(DATA FOR PROCESSING Opens)

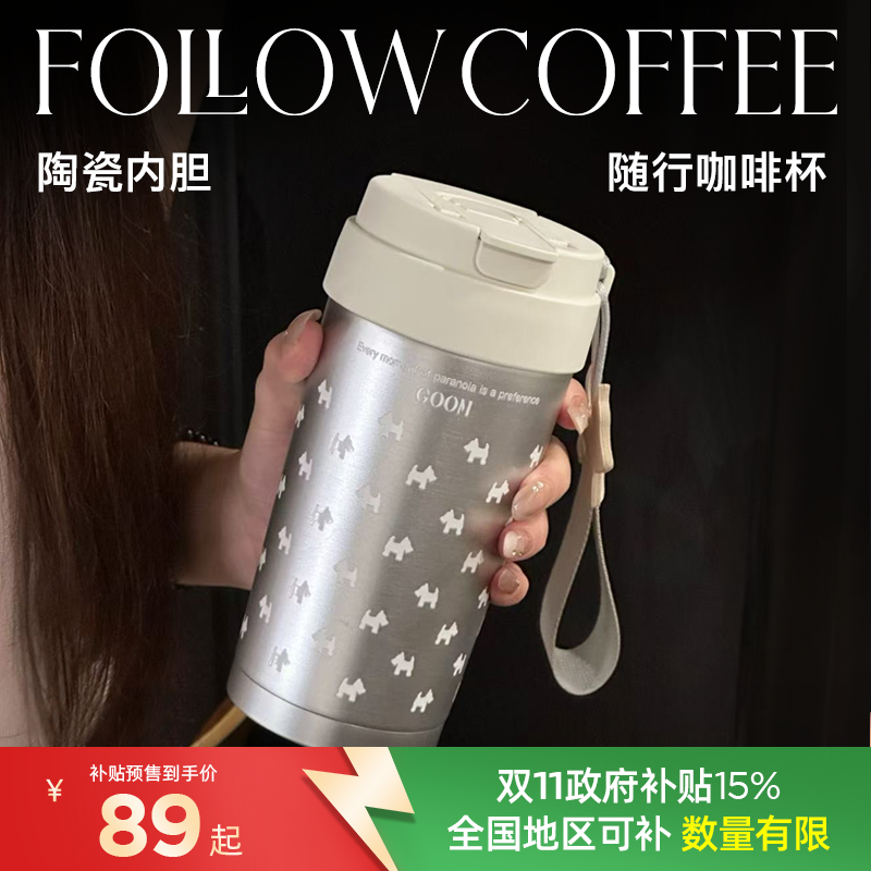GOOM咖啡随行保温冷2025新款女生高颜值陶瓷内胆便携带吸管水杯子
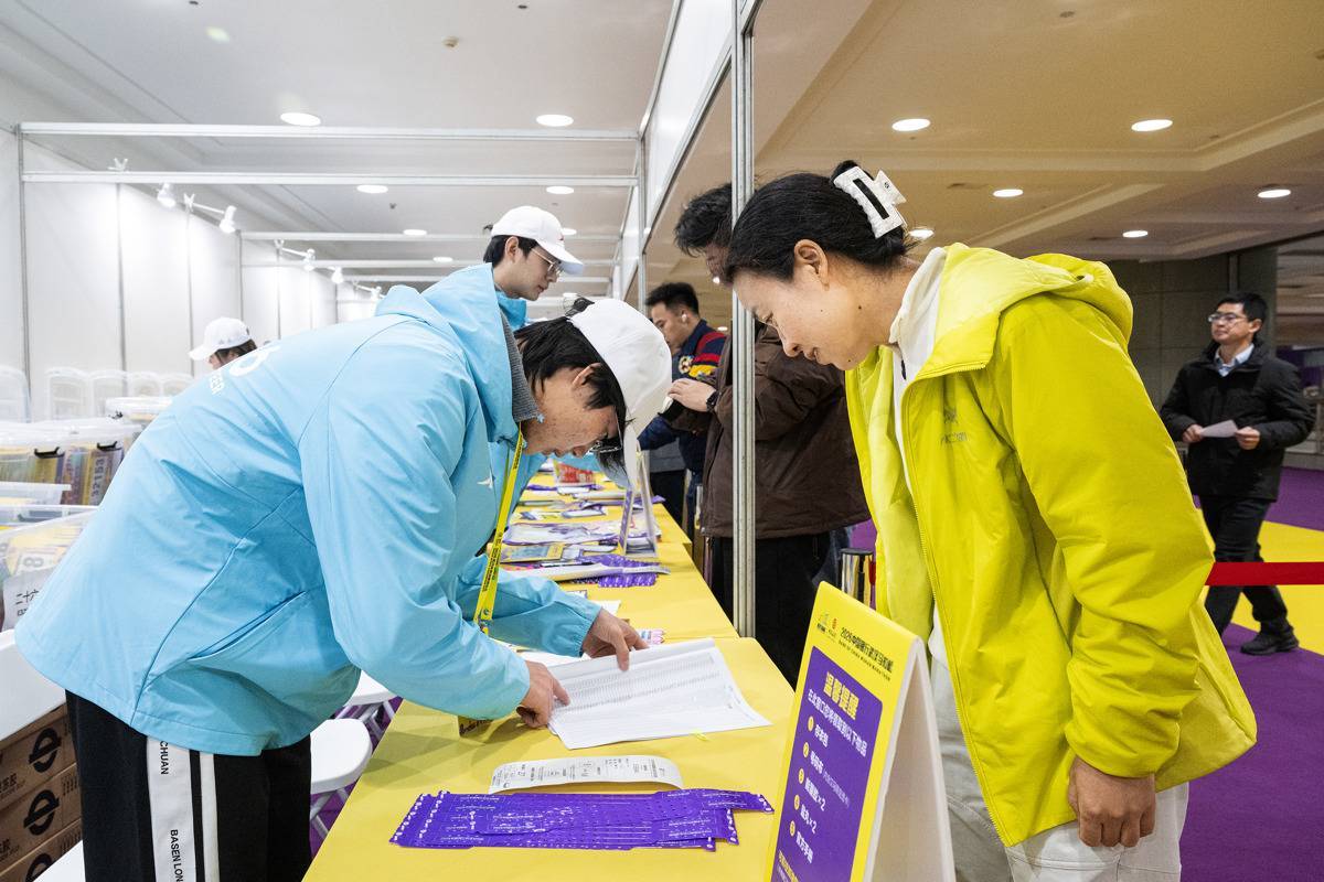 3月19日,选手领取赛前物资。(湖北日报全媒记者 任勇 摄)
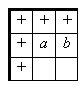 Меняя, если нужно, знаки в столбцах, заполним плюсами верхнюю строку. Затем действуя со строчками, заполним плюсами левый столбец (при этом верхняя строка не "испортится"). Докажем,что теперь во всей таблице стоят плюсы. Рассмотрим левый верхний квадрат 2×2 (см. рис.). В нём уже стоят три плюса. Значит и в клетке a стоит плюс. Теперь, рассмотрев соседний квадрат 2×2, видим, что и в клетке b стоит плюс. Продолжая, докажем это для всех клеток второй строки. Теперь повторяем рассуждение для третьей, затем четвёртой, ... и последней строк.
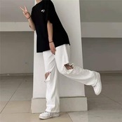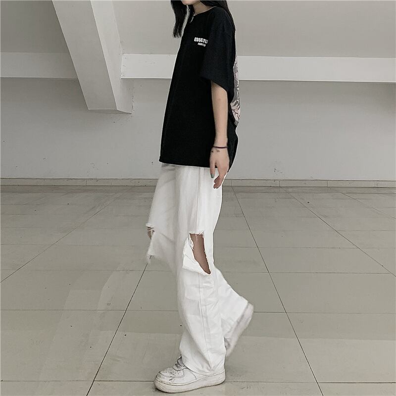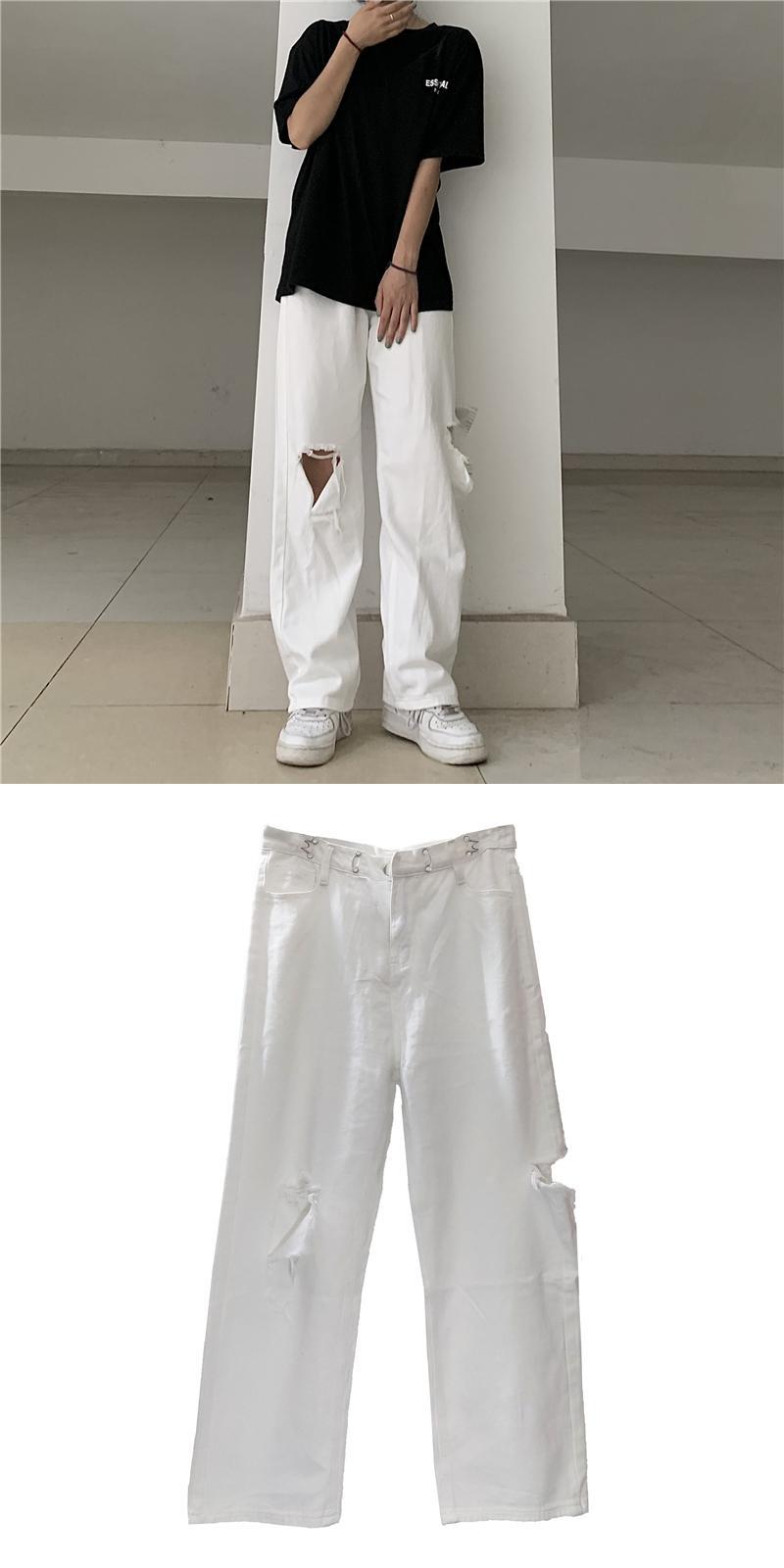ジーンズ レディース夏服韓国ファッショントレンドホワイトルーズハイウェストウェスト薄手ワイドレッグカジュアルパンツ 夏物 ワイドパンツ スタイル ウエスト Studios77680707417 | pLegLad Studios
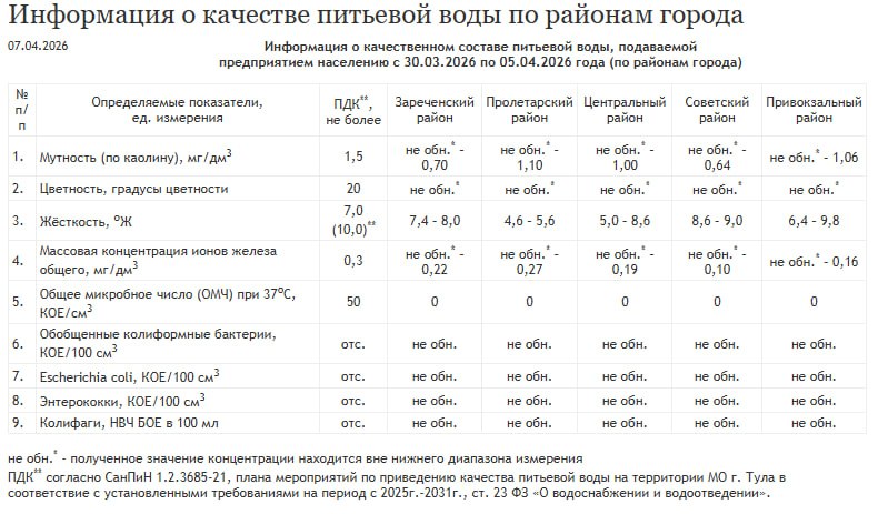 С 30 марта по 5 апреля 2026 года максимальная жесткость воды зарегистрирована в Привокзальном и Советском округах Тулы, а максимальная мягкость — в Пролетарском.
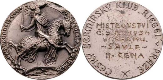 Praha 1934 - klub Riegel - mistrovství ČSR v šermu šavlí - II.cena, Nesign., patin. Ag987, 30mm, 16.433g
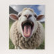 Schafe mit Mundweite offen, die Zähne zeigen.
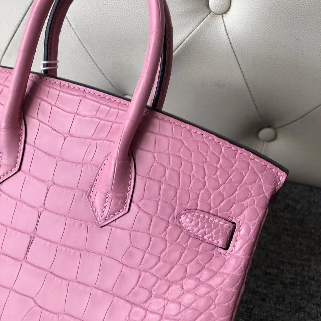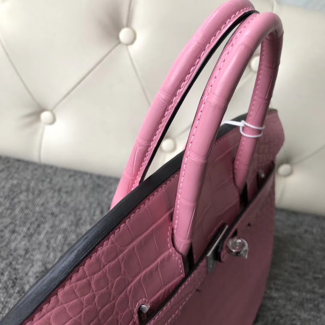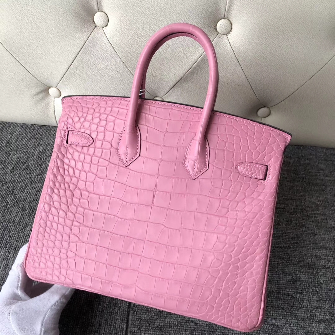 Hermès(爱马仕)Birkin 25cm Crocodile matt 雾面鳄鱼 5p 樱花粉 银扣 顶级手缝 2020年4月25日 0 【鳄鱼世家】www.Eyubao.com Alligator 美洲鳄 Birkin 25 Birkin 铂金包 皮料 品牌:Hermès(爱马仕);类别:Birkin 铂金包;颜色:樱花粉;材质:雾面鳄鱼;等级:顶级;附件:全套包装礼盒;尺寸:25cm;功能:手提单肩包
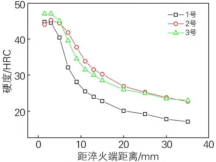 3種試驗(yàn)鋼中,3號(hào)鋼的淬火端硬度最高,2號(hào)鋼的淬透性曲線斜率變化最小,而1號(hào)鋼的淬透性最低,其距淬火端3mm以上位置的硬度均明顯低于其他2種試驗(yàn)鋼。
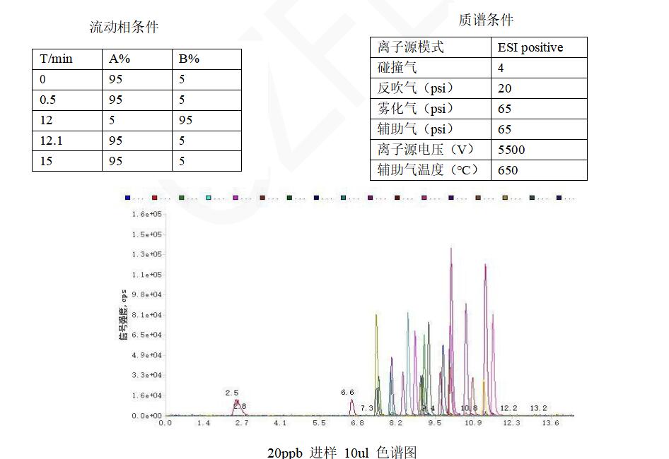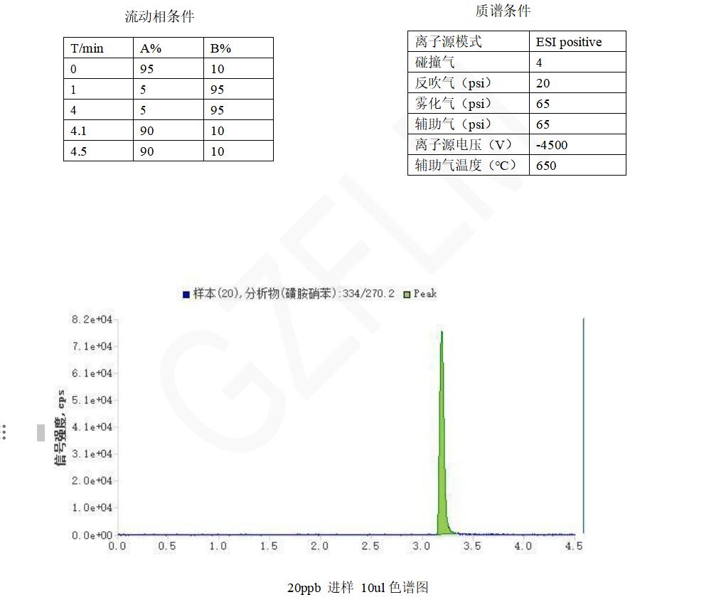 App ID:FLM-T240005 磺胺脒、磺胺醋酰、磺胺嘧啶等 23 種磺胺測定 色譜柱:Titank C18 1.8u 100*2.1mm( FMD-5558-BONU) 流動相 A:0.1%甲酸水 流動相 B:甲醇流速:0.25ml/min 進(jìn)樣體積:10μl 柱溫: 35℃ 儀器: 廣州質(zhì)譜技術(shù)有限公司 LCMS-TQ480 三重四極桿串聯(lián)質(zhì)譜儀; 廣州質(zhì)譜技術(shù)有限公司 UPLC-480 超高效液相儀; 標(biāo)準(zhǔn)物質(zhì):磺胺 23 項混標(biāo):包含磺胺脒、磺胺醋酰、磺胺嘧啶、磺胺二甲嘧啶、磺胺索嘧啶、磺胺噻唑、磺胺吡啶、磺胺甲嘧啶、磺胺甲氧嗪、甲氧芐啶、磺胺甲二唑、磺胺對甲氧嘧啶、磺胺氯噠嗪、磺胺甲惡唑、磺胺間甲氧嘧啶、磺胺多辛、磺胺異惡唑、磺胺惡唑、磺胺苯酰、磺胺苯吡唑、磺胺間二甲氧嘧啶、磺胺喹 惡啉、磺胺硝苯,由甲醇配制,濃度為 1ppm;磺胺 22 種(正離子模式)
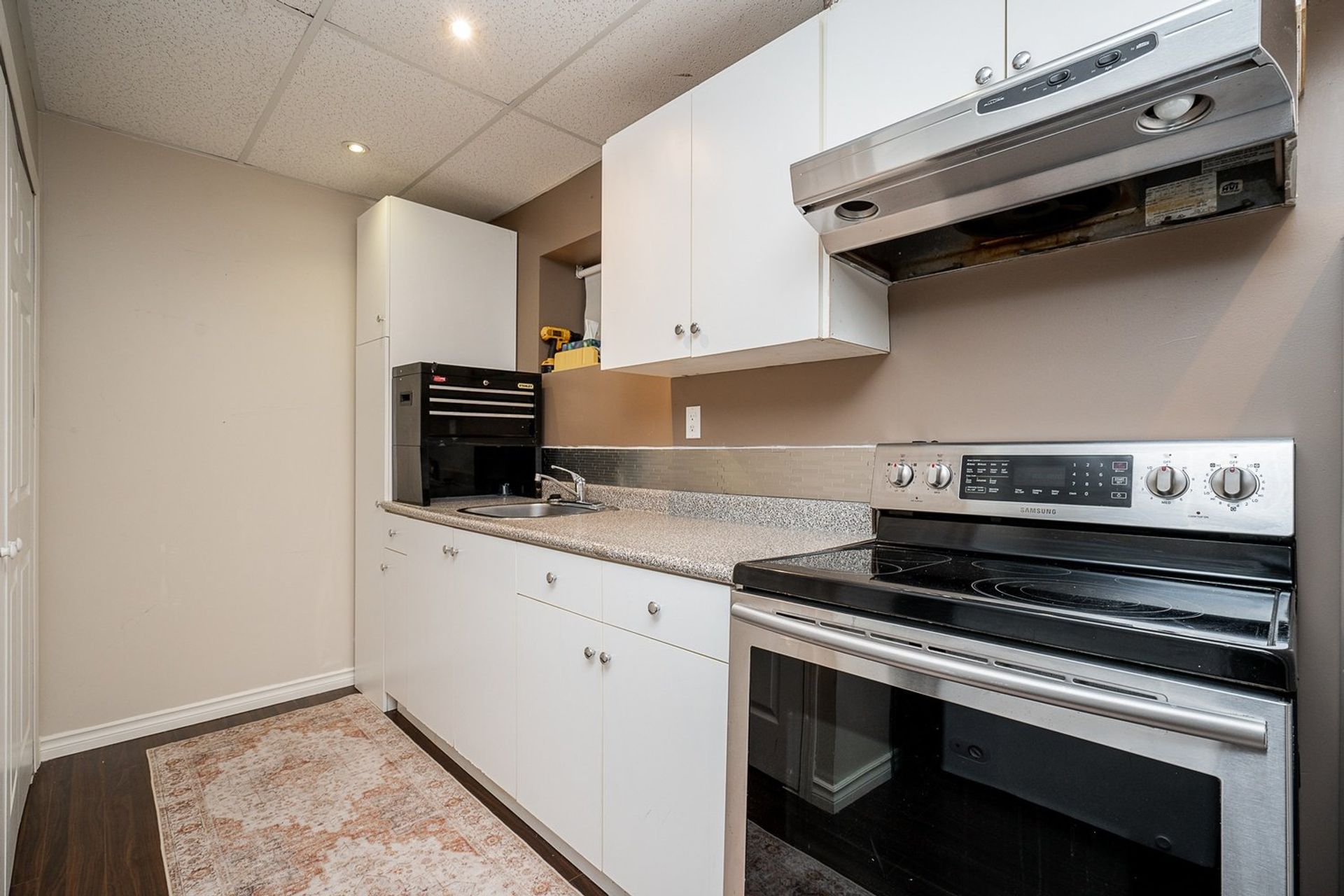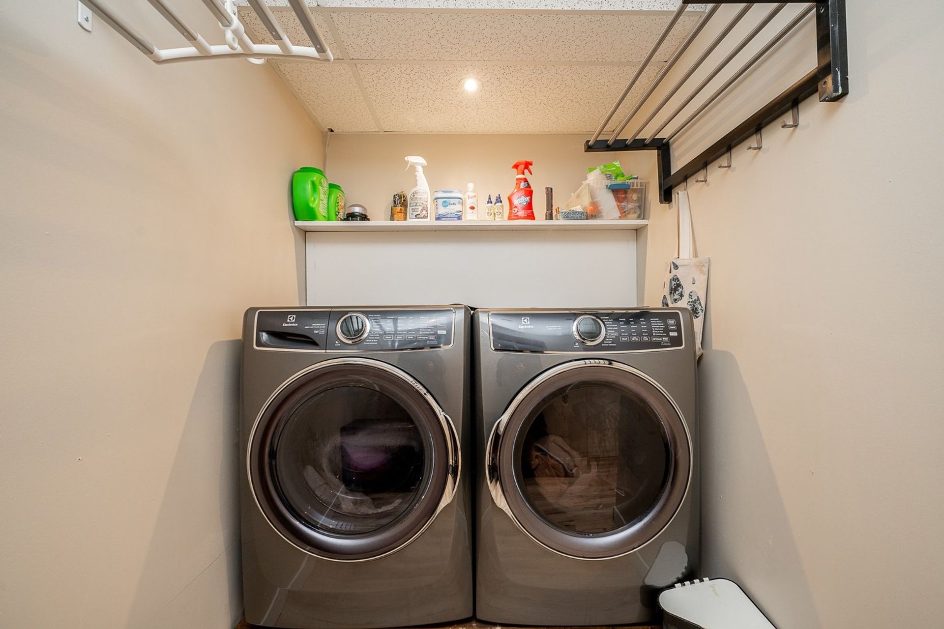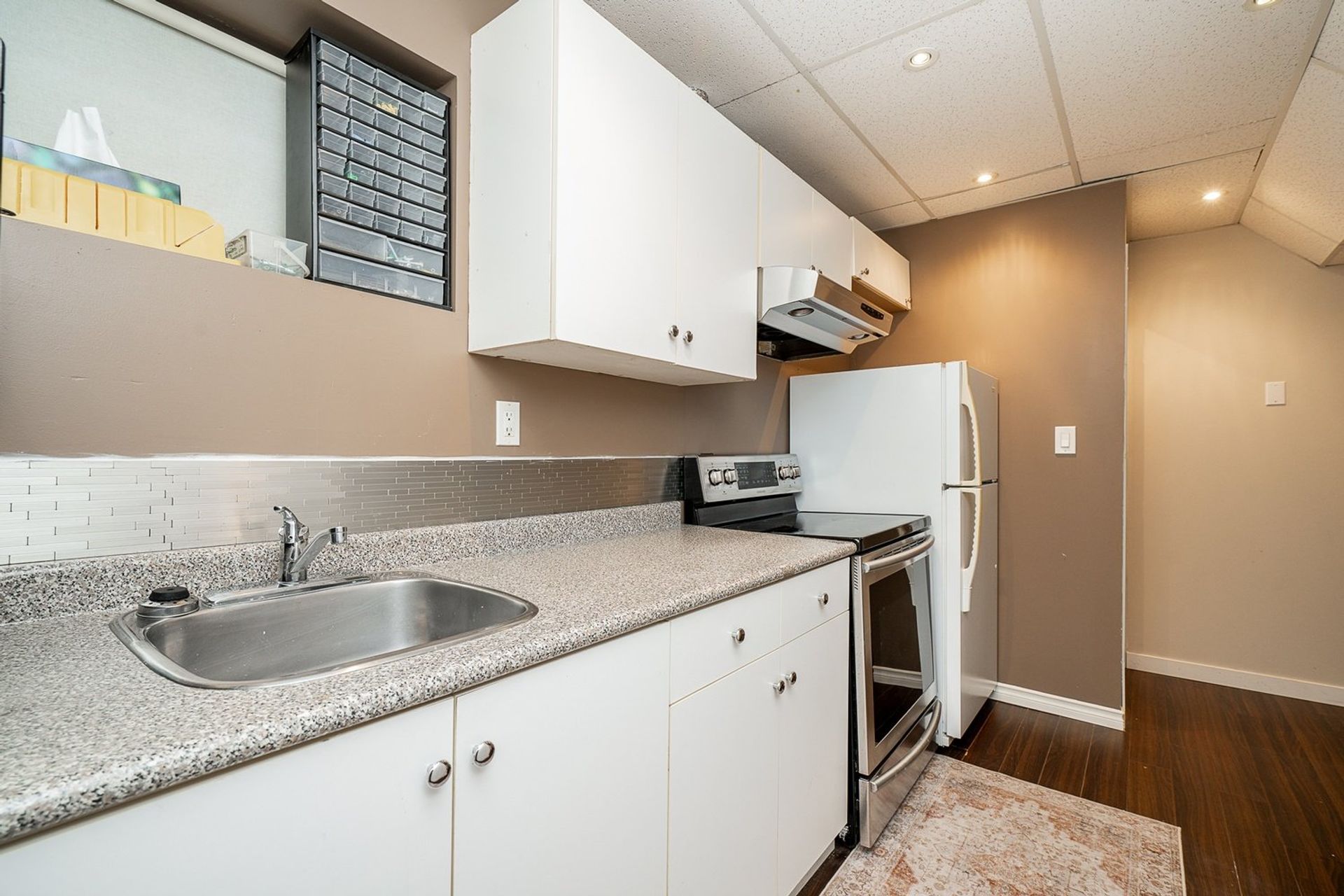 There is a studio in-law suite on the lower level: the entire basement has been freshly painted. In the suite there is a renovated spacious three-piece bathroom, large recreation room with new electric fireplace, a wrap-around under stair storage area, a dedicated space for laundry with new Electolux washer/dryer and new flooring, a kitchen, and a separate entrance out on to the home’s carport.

(DATA FOR PROCESSING Closes)

PROBLEM
Return exactly the stretch above whose first line contains "ジーンズ レディース夏服韓国ファッショントレンドホワイトルーズハイウェストウェスト薄手ワイドレッグカジュアルパンツ 夏物" and whose last line contains "App ID:FLM-T240005 磺胺脒、磺胺醋酰、磺胺嘧啶等", and nothing outside it. The pictures should not appear.

EXPECTED ANSWER
ジーンズ レディース夏服韓国ファッショントレンドホワイトルーズハイウェストウェスト薄手ワイドレッグカジュアルパンツ 夏物 ワイドパンツ スタイル ウエスト Studios77680707417 | pLegLad Studios
 С 30 марта по 5 апреля 2026 года максимальная жесткость воды зарегистрирована в Привокзальном и Советском округах Тулы, а максимальная мягкость — в Пролетарском.
 Praha 1934 - klub Riegel - mistrovství ČSR v šermu šavlí - II.cena, Nesign., patin. Ag987, 30mm, 16.433g
 Schafe mit Mundweite offen, die Zähne zeigen.
 Hermès(爱马仕)Birkin 25cm Crocodile matt 雾面鳄鱼 5p 樱花粉 银扣 顶级手缝 2020年4月25日 0 【鳄鱼世家】www.Eyubao.com Alligator 美洲鳄 Birkin 25 Birkin 铂金包 皮料 品牌:Hermès(爱马仕);类别:Birkin 铂金包;颜色:樱花粉;材质:雾面鳄鱼;等级:顶级;附件:全套包装礼盒;尺寸:25cm;功能:手提单肩包
 3種試驗(yàn)鋼中,3號(hào)鋼的淬火端硬度最高,2號(hào)鋼的淬透性曲線斜率變化最小,而1號(hào)鋼的淬透性最低,其距淬火端3mm以上位置的硬度均明顯低于其他2種試驗(yàn)鋼。
 App ID:FLM-T240005 磺胺脒、磺胺醋酰、磺胺嘧啶等 23 種磺胺測定 色譜柱:Titank C18 1.8u 100*2.1mm( FMD-5558-BONU) 流動相 A:0.1%甲酸水 流動相 B:甲醇流速:0.25ml/min 進(jìn)樣體積:10μl 柱溫: 35℃ 儀器: 廣州質(zhì)譜技術(shù)有限公司 LCMS-TQ480 三重四極桿串聯(lián)質(zhì)譜儀; 廣州質(zhì)譜技術(shù)有限公司 UPLC-480 超高效液相儀; 標(biāo)準(zhǔn)物質(zhì):磺胺 23 項混標(biāo):包含磺胺脒、磺胺醋酰、磺胺嘧啶、磺胺二甲嘧啶、磺胺索嘧啶、磺胺噻唑、磺胺吡啶、磺胺甲嘧啶、磺胺甲氧嗪、甲氧芐啶、磺胺甲二唑、磺胺對甲氧嘧啶、磺胺氯噠嗪、磺胺甲惡唑、磺胺間甲氧嘧啶、磺胺多辛、磺胺異惡唑、磺胺惡唑、磺胺苯酰、磺胺苯吡唑、磺胺間二甲氧嘧啶、磺胺喹 惡啉、磺胺硝苯,由甲醇配制,濃度為 1ppm;磺胺 22 種(正離子模式)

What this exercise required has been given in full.